Write out, word for word, the part of the listing below that opens with the line containing "Kledingshow. Let op" and closes with the line containing "7646 - أَخْبَرَنَا", keeping both of those lines and adding no others.

Excerpted data:
____________________

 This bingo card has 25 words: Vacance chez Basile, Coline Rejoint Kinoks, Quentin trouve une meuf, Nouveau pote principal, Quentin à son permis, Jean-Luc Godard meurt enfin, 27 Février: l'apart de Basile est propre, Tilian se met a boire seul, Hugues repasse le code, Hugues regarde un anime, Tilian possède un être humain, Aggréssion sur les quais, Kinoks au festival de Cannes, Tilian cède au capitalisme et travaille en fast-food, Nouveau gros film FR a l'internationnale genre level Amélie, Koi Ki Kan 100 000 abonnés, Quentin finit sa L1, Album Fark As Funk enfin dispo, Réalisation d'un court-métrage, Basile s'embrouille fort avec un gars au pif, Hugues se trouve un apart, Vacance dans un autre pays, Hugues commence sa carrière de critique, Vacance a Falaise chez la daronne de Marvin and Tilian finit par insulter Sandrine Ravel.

____________________

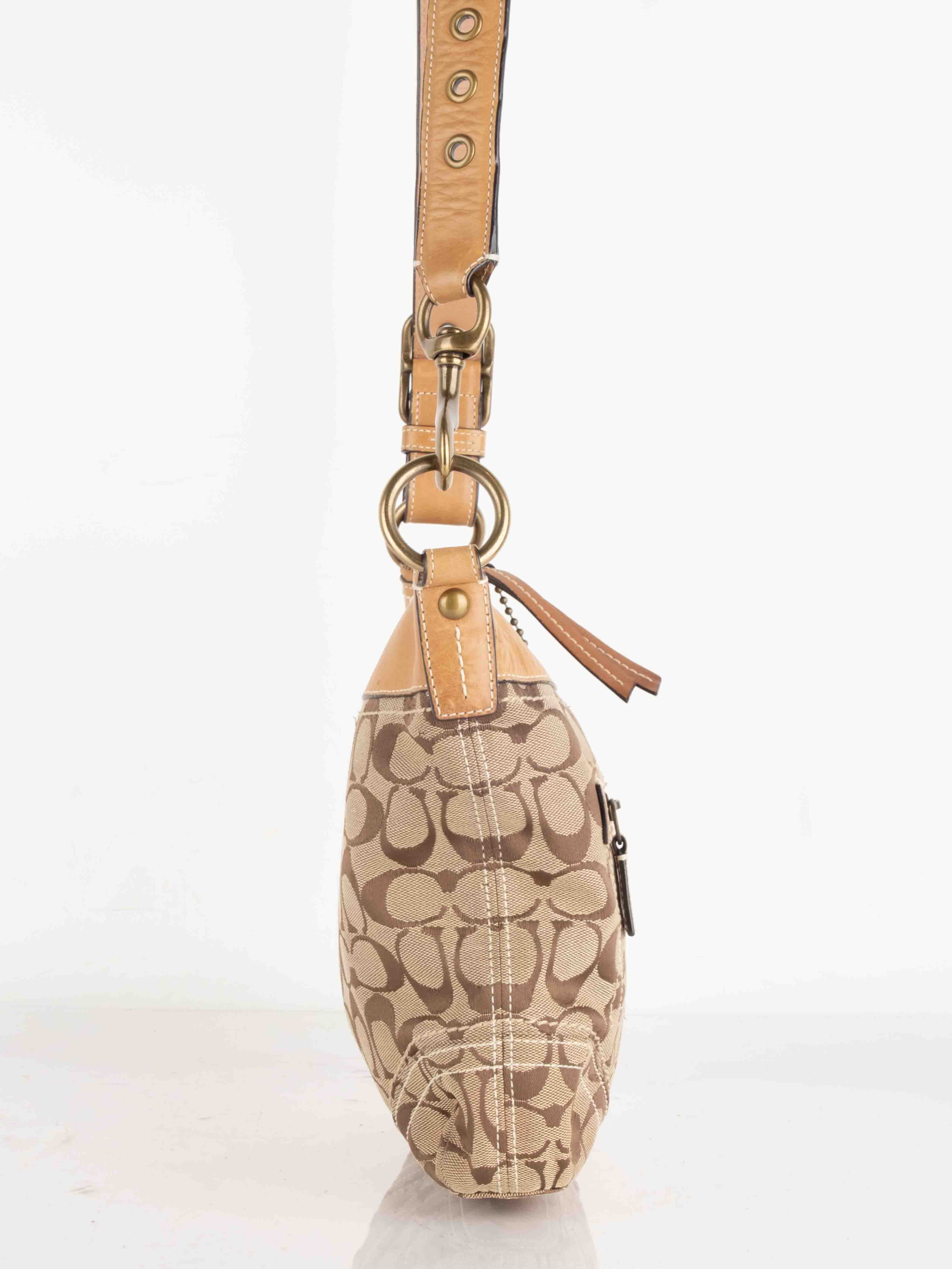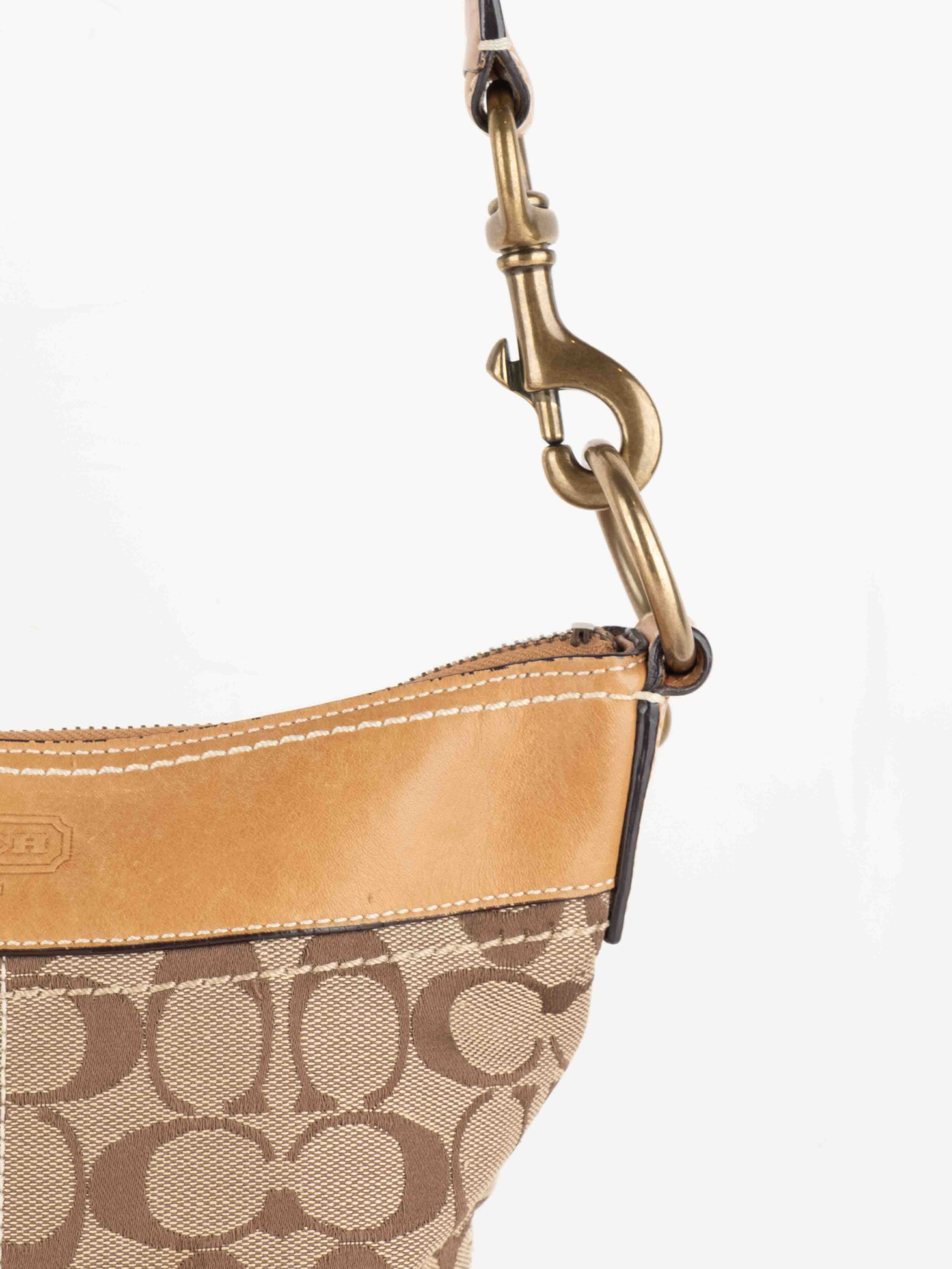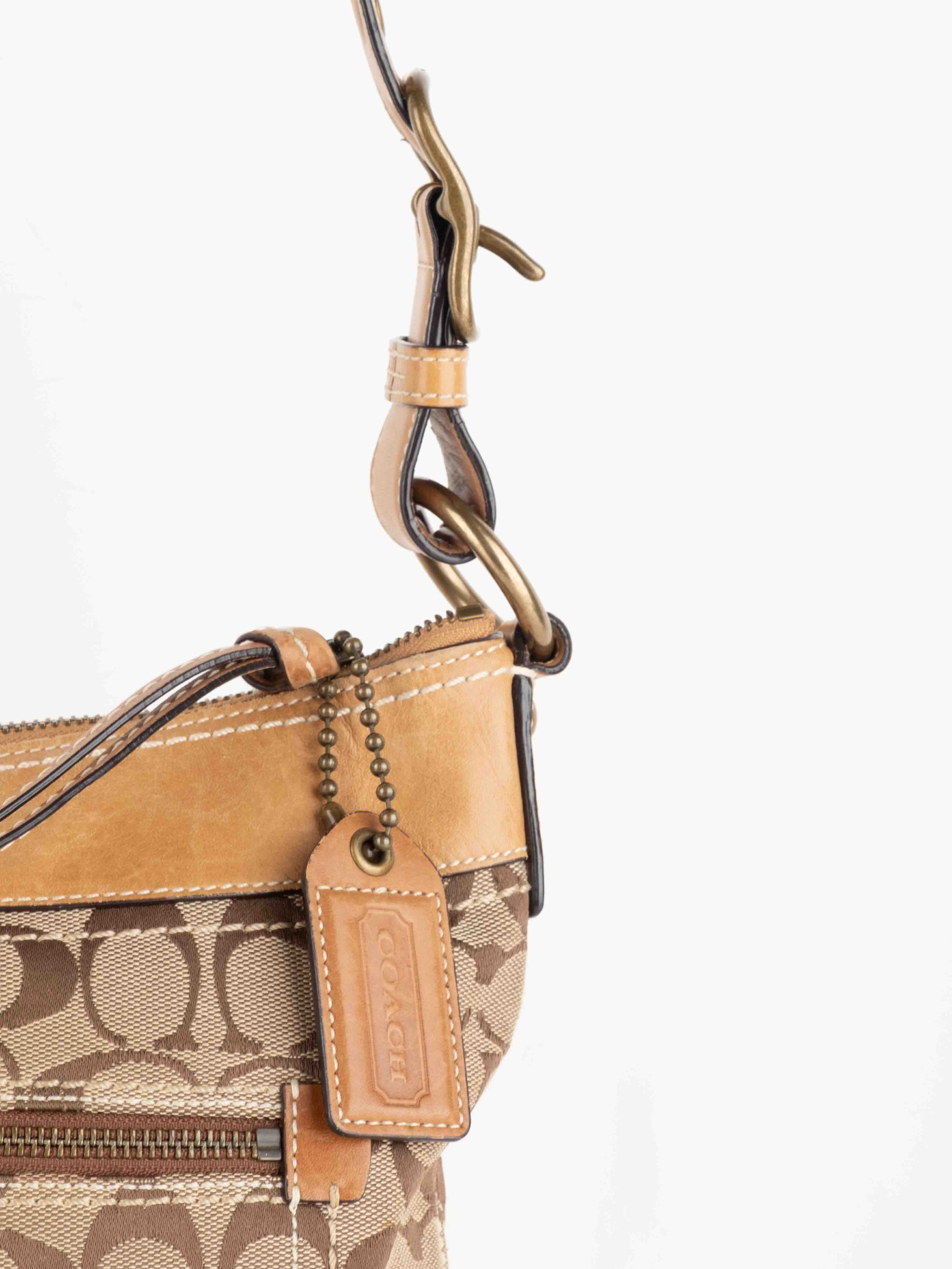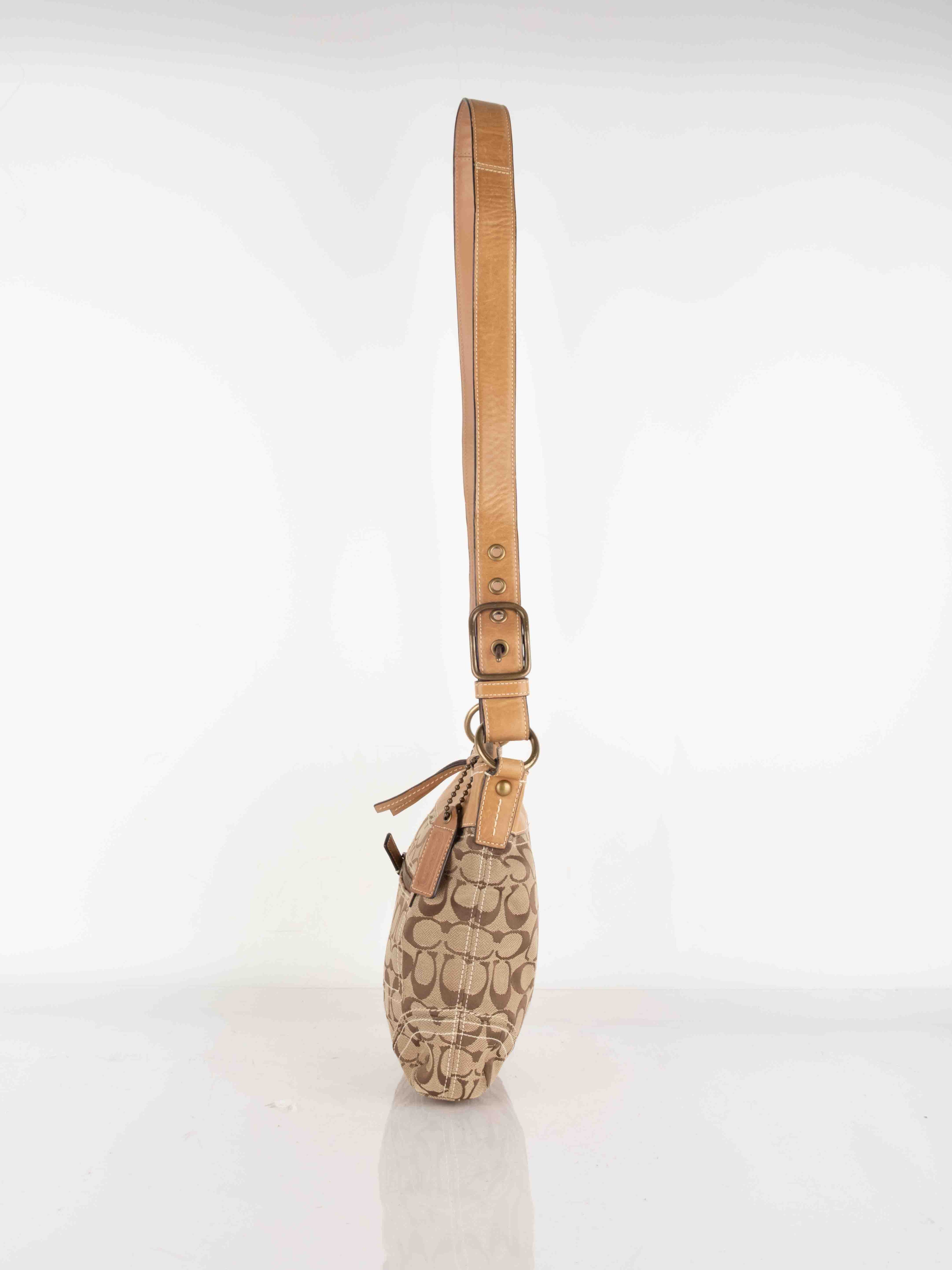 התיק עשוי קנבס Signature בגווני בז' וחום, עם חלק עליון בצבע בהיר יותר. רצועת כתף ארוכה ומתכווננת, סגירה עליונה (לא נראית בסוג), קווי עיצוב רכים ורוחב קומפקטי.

____________________

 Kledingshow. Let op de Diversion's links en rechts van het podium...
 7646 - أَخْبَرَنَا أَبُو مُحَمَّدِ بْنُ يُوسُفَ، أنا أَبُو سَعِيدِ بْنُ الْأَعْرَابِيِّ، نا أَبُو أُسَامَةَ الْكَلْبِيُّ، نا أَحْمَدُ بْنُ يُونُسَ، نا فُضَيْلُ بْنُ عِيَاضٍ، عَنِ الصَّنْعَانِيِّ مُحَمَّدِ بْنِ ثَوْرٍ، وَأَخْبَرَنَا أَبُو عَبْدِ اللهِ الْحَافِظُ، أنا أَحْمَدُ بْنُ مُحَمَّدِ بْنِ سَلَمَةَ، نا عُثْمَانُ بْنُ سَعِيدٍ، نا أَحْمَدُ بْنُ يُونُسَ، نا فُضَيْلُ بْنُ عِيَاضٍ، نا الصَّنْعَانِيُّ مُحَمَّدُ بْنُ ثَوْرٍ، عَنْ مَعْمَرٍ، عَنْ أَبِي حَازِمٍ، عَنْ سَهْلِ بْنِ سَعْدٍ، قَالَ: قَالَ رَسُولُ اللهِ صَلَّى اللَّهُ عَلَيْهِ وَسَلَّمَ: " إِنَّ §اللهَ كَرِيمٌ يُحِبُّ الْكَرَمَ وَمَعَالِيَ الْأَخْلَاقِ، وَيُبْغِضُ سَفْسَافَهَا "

____________________

Response below:
 Kledingshow. Let op de Diversion's links en rechts van het podium...
 7646 - أَخْبَرَنَا أَبُو مُحَمَّدِ بْنُ يُوسُفَ، أنا أَبُو سَعِيدِ بْنُ الْأَعْرَابِيِّ، نا أَبُو أُسَامَةَ الْكَلْبِيُّ، نا أَحْمَدُ بْنُ يُونُسَ، نا فُضَيْلُ بْنُ عِيَاضٍ، عَنِ الصَّنْعَانِيِّ مُحَمَّدِ بْنِ ثَوْرٍ، وَأَخْبَرَنَا أَبُو عَبْدِ اللهِ الْحَافِظُ، أنا أَحْمَدُ بْنُ مُحَمَّدِ بْنِ سَلَمَةَ، نا عُثْمَانُ بْنُ سَعِيدٍ، نا أَحْمَدُ بْنُ يُونُسَ، نا فُضَيْلُ بْنُ عِيَاضٍ، نا الصَّنْعَانِيُّ مُحَمَّدُ بْنُ ثَوْرٍ، عَنْ مَعْمَرٍ، عَنْ أَبِي حَازِمٍ، عَنْ سَهْلِ بْنِ سَعْدٍ، قَالَ: قَالَ رَسُولُ اللهِ صَلَّى اللَّهُ عَلَيْهِ وَسَلَّمَ: " إِنَّ §اللهَ كَرِيمٌ يُحِبُّ الْكَرَمَ وَمَعَالِيَ الْأَخْلَاقِ، وَيُبْغِضُ سَفْسَافَهَا "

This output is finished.